== Segment start ==
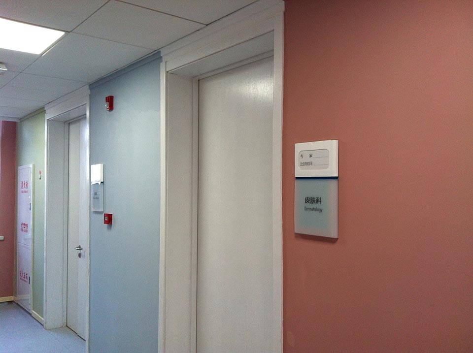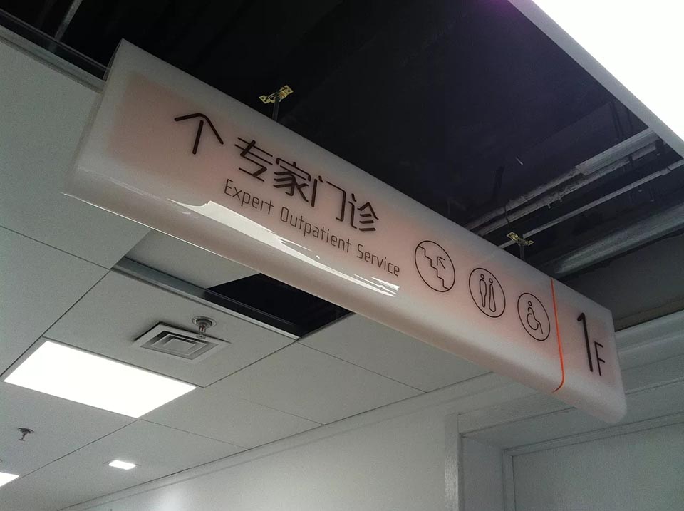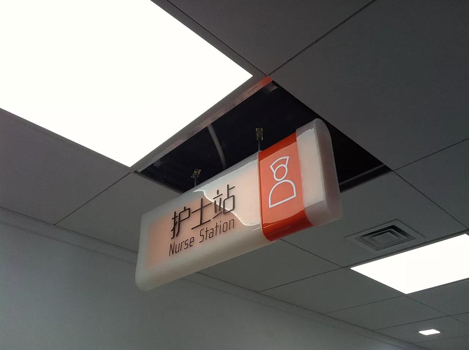 案例二。北京裕和醫(yī)院導(dǎo)視設(shè)計,選用溫和色彩與柔和造型來突出對生命的呵護。
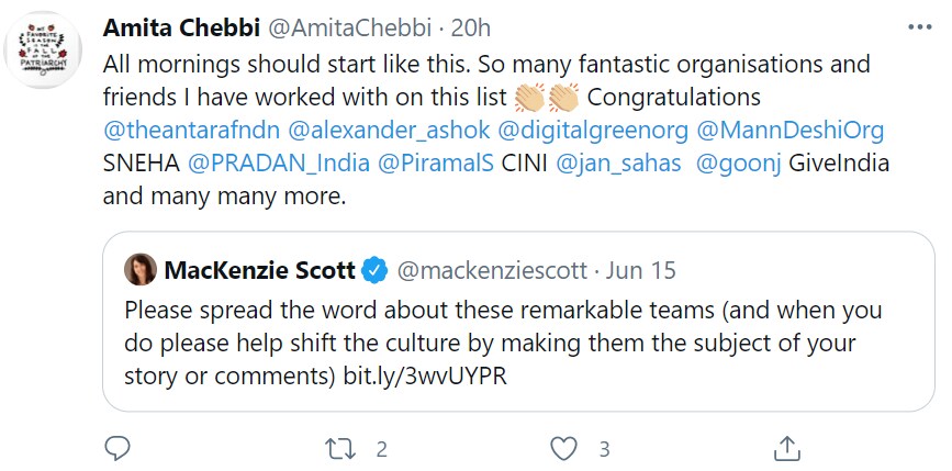 The pandemic exposed the public health faultlines in the country drawing the attention of the global philanthropic ecosystem to India's developmental needs, said Atul Satija, chief executive of GiveIndia and founder of The/Nudge Foundation. Both feature on Scott's list and the money is already in the bank. It took just 2 weeks versus the 3-6 months such grants usually take.
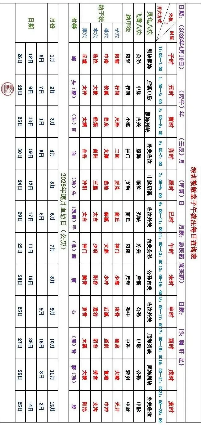 深圳敦敏堂《子午流注:今日开穴》 2026 4月10日
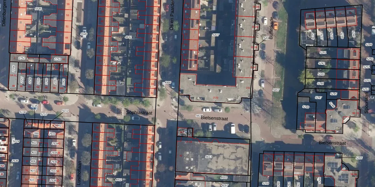 Het perceel waarop Bielsenstraat 2 staat heeft een oppervlakte van 2435 m². Dit is een zeer groot perceel. De perceeloppervlakte wordt geregistreerd door het Kadaster. Gedetailleerde informatie over de maten van dit perceel kunt u vinden in het rapport Kadastrale kaart met maatvoering van Bielsenstraat 2.
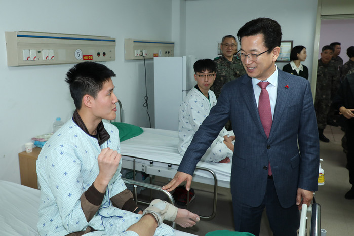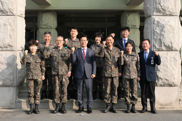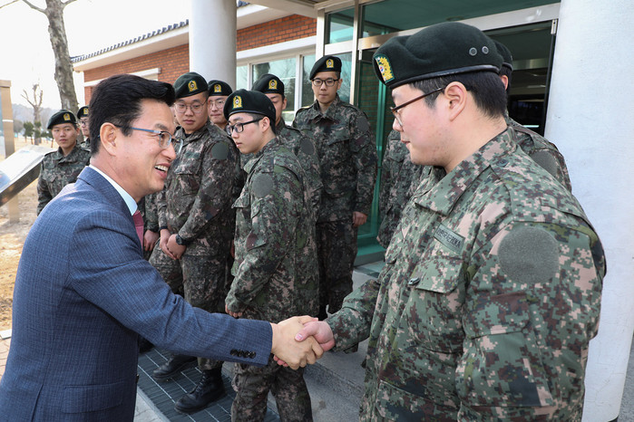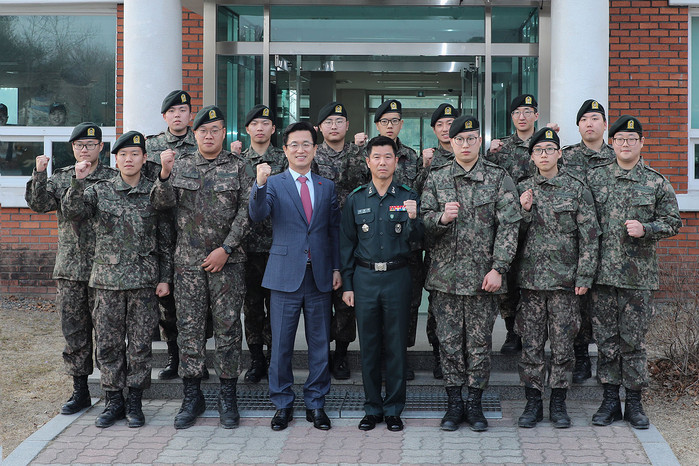 허태정 대전시장은 설을 맞아 22일 오후 자운대에 위치한 육군종합군수학교와 국군대전병원을 방문해 국가 안보를 위해 복무에 전념하고 있는 장병들을 격려하고 위문금을 전달했다.(사진=대전시 제공)
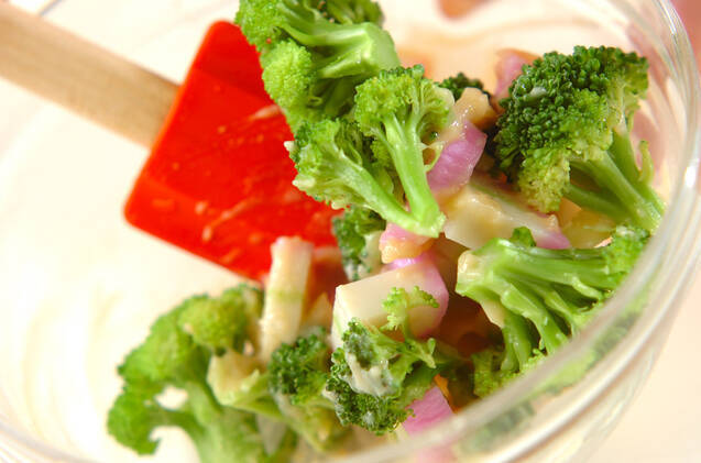 <からし酢みそ>のボウルにカマボコ、水気をきったブロッコリーを加えて和え、器に盛る。
== Segment end ==
Everything between and including the line above containing "The pandemic exposed" and the line containing "深圳敦敏堂《子午流注:今日开穴》 2026 4月10日" should be reproduced exactly, with pictures excluded.

 The pandemic exposed the public health faultlines in the country drawing the attention of the global philanthropic ecosystem to India's developmental needs, said Atul Satija, chief executive of GiveIndia and founder of The/Nudge Foundation. Both feature on Scott's list and the money is already in the bank. It took just 2 weeks versus the 3-6 months such grants usually take.
 深圳敦敏堂《子午流注:今日开穴》 2026 4月10日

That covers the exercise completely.